:: SUPPLIED MATERIAL ::
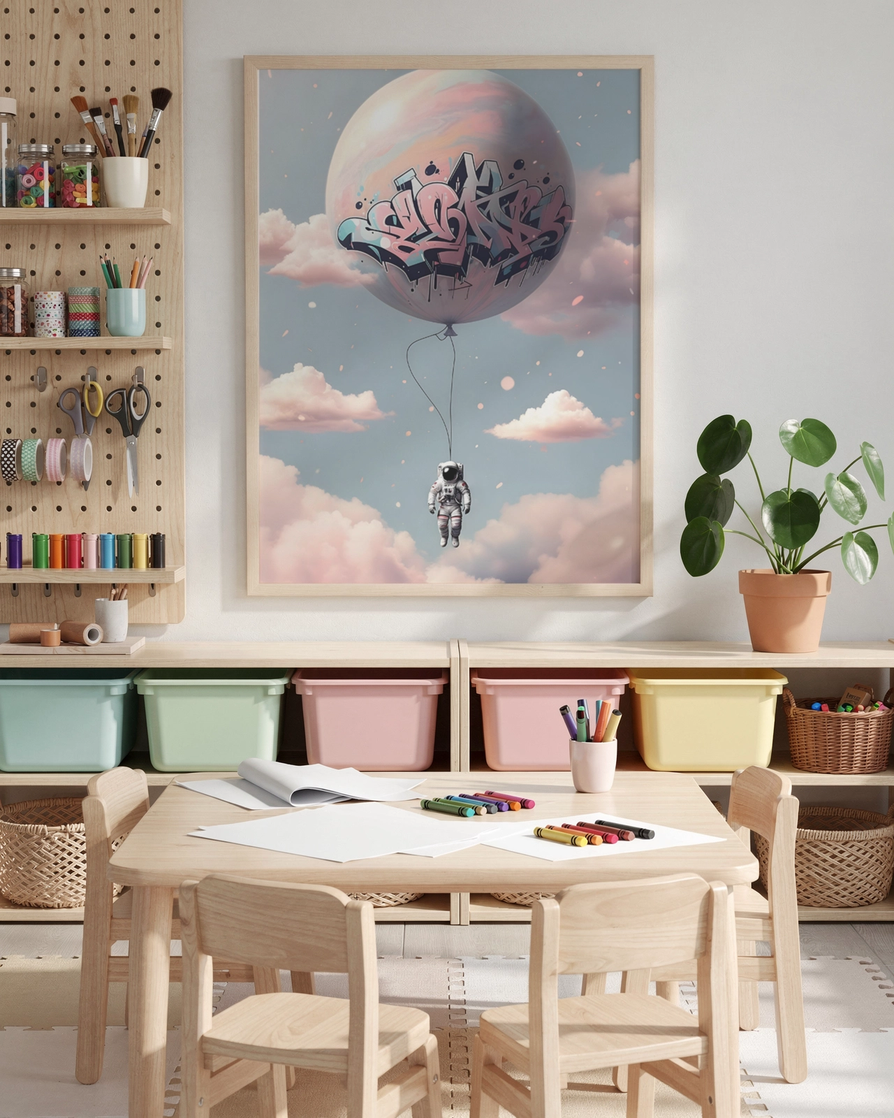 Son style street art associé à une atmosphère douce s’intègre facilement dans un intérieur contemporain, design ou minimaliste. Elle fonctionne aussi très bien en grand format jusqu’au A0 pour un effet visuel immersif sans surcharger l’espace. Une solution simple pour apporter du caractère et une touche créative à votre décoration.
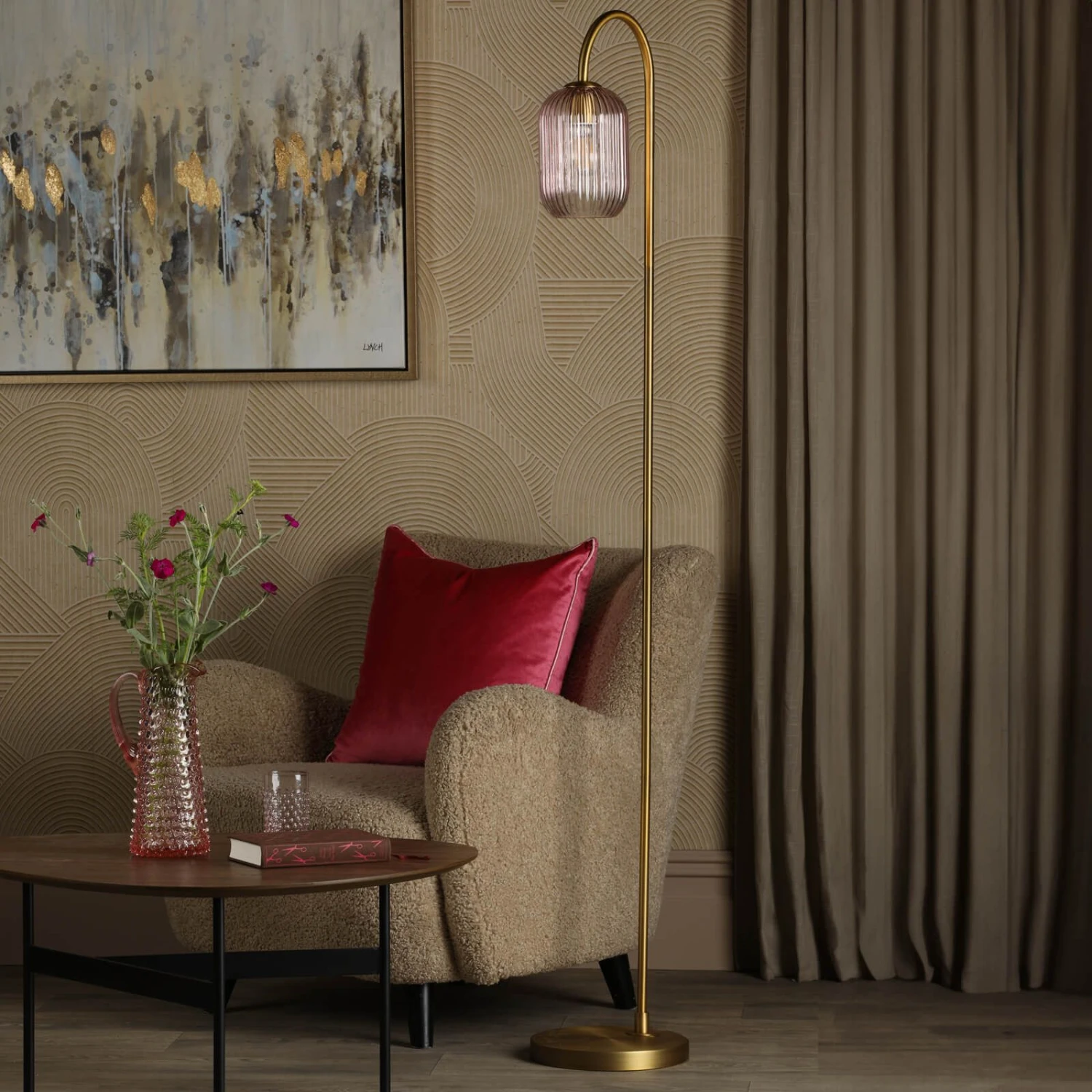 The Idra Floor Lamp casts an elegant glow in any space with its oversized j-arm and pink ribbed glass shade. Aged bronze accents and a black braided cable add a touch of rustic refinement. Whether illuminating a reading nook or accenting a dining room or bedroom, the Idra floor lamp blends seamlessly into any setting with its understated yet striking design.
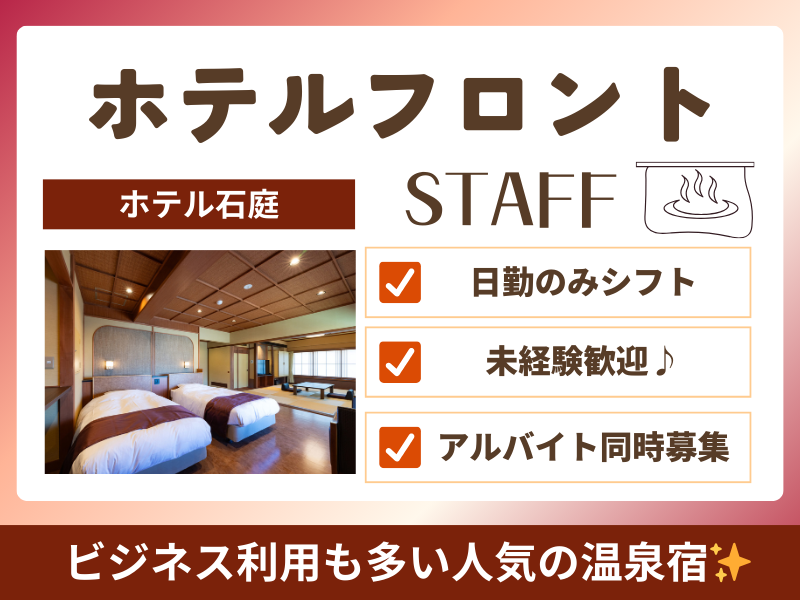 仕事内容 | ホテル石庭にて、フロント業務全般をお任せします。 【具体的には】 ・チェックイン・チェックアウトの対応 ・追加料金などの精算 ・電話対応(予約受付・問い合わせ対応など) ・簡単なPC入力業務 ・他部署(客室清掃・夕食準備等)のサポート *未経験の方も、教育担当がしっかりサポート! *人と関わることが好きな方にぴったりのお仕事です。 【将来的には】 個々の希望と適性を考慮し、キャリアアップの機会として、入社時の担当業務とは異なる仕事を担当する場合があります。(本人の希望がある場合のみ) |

==

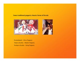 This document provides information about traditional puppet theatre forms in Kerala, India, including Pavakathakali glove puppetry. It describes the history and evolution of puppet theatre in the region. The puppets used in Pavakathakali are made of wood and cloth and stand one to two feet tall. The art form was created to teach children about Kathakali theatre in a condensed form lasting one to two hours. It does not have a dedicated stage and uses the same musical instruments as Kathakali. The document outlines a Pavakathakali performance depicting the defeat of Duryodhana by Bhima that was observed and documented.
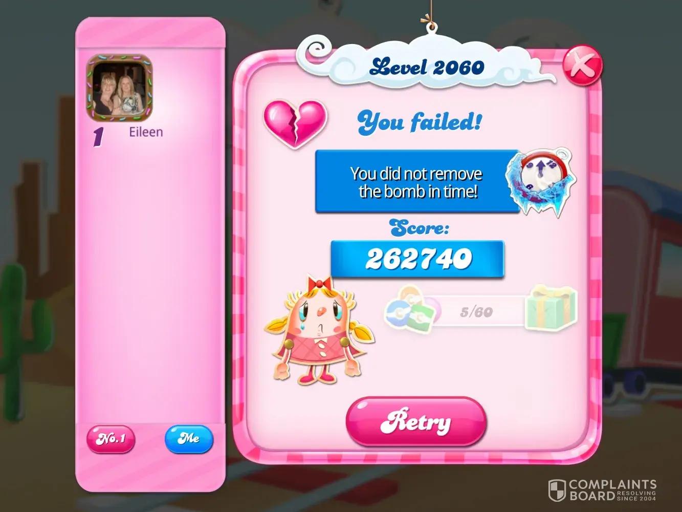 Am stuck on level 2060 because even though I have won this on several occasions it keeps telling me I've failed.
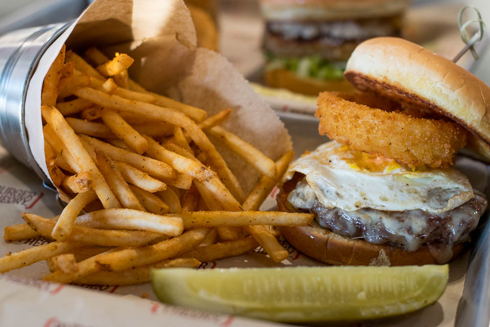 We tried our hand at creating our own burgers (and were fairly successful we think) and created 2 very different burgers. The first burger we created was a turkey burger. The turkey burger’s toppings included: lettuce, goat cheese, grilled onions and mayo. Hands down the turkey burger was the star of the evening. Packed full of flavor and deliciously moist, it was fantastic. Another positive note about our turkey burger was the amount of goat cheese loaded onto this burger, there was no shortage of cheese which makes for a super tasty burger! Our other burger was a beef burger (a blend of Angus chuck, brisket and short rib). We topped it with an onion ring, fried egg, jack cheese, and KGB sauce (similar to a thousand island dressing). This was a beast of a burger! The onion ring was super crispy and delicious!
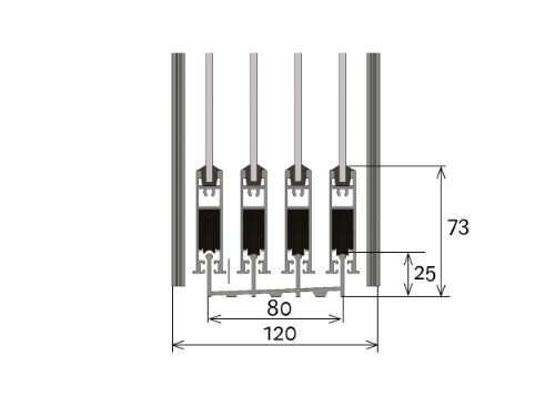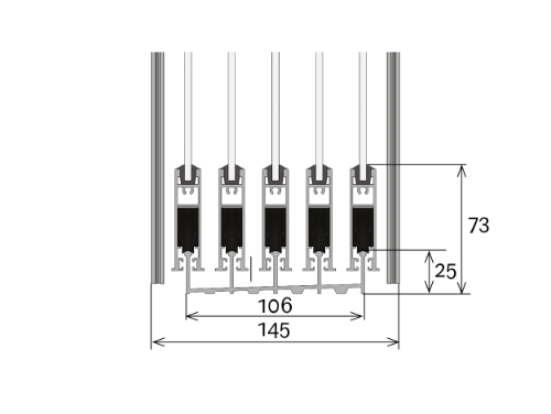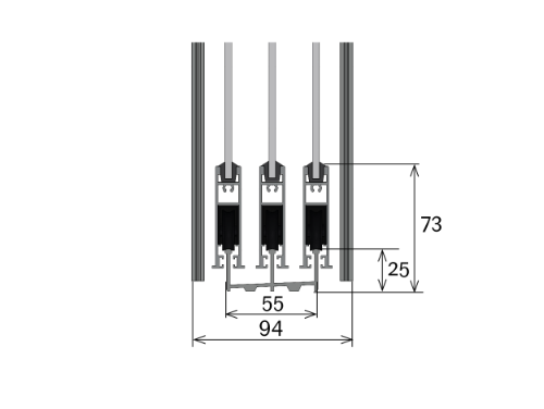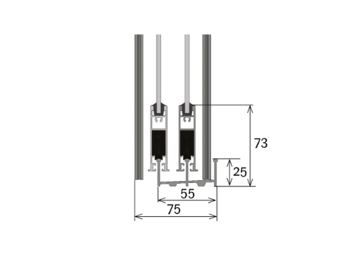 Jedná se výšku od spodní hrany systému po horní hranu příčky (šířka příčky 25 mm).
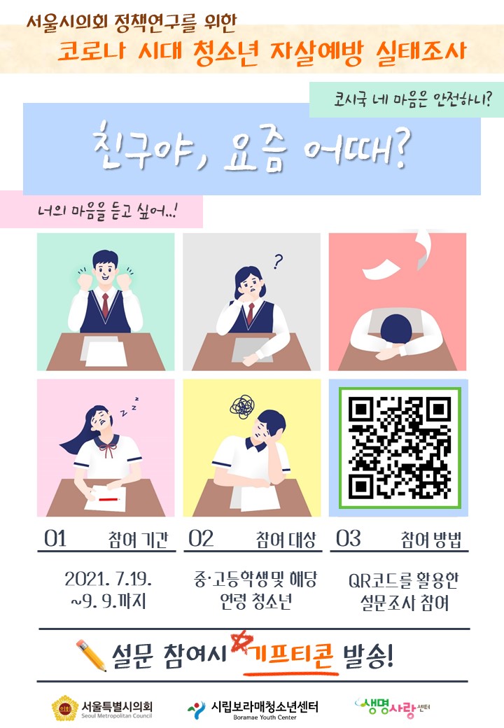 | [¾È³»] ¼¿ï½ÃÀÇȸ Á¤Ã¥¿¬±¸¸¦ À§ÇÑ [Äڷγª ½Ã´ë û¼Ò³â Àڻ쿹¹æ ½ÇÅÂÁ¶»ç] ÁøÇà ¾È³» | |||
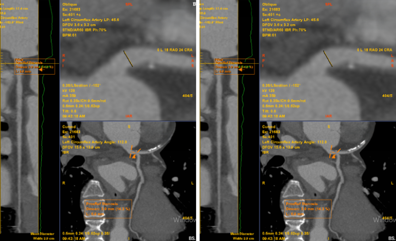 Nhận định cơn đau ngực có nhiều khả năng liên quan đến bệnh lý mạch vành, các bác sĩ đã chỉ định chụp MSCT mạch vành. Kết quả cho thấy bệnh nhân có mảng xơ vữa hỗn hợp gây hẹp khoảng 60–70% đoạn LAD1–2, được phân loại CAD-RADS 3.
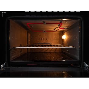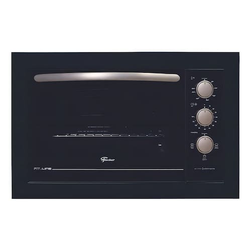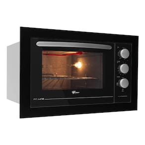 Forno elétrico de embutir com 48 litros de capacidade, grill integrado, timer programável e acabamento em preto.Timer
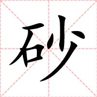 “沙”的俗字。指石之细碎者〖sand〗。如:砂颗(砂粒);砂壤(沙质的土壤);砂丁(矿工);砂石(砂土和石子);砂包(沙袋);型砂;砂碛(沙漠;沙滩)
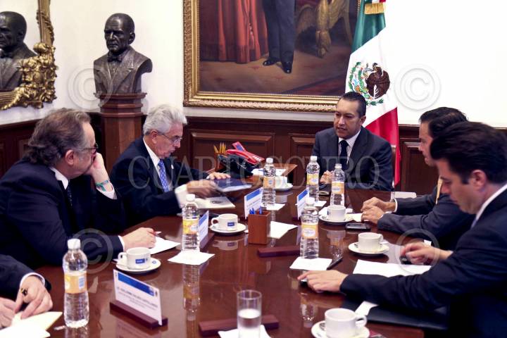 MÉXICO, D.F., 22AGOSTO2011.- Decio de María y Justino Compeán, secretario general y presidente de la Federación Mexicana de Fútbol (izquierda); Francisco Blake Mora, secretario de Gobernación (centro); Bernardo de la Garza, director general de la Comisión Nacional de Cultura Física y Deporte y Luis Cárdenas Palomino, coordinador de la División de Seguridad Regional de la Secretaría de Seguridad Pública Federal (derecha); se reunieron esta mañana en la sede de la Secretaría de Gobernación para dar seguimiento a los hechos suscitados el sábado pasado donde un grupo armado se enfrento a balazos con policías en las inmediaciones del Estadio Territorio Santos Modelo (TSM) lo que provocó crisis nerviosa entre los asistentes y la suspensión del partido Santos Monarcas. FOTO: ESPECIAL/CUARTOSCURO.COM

--

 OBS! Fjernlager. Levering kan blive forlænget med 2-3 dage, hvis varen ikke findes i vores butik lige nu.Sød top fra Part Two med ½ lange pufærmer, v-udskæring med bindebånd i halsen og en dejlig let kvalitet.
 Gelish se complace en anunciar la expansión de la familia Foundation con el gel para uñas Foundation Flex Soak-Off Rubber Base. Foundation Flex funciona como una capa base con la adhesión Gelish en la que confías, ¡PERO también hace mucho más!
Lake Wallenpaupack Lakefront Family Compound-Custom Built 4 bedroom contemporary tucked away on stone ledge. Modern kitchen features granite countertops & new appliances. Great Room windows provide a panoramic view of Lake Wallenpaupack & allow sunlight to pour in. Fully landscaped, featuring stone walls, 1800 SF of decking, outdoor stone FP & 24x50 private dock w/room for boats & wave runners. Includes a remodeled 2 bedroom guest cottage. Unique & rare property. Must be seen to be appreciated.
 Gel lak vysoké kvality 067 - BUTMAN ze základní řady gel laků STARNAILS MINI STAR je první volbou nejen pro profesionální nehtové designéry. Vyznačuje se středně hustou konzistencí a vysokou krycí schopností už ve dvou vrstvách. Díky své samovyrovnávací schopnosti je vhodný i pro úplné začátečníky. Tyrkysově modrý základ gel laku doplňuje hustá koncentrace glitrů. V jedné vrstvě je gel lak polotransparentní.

:: ABOUT THIS EXERCISE ::
Here the job is to copy the stretch of records from the line containing "This document provides" through the line containing "¼¿ï½ÃÀÇȸ Á¤Ã¥¿¬±¸¸¦ À§ÇÑ", word for word. Leave every picture out.

:: ANSWER SPACE ::
 This document provides information about traditional puppet theatre forms in Kerala, India, including Pavakathakali glove puppetry. It describes the history and evolution of puppet theatre in the region. The puppets used in Pavakathakali are made of wood and cloth and stand one to two feet tall. The art form was created to teach children about Kathakali theatre in a condensed form lasting one to two hours. It does not have a dedicated stage and uses the same musical instruments as Kathakali. The document outlines a Pavakathakali performance depicting the defeat of Duryodhana by Bhima that was observed and documented.
 Am stuck on level 2060 because even though I have won this on several occasions it keeps telling me I've failed.
 We tried our hand at creating our own burgers (and were fairly successful we think) and created 2 very different burgers. The first burger we created was a turkey burger. The turkey burger’s toppings included: lettuce, goat cheese, grilled onions and mayo. Hands down the turkey burger was the star of the evening. Packed full of flavor and deliciously moist, it was fantastic. Another positive note about our turkey burger was the amount of goat cheese loaded onto this burger, there was no shortage of cheese which makes for a super tasty burger! Our other burger was a beef burger (a blend of Angus chuck, brisket and short rib). We topped it with an onion ring, fried egg, jack cheese, and KGB sauce (similar to a thousand island dressing). This was a beast of a burger! The onion ring was super crispy and delicious!
 Jedná se výšku od spodní hrany systému po horní hranu příčky (šířka příčky 25 mm).
 | [¾È³»] ¼¿ï½ÃÀÇȸ Á¤Ã¥¿¬±¸¸¦ À§ÇÑ [Äڷγª ½Ã´ë û¼Ò³â Àڻ쿹¹æ ½ÇÅÂÁ¶»ç] ÁøÇà ¾È³» | |||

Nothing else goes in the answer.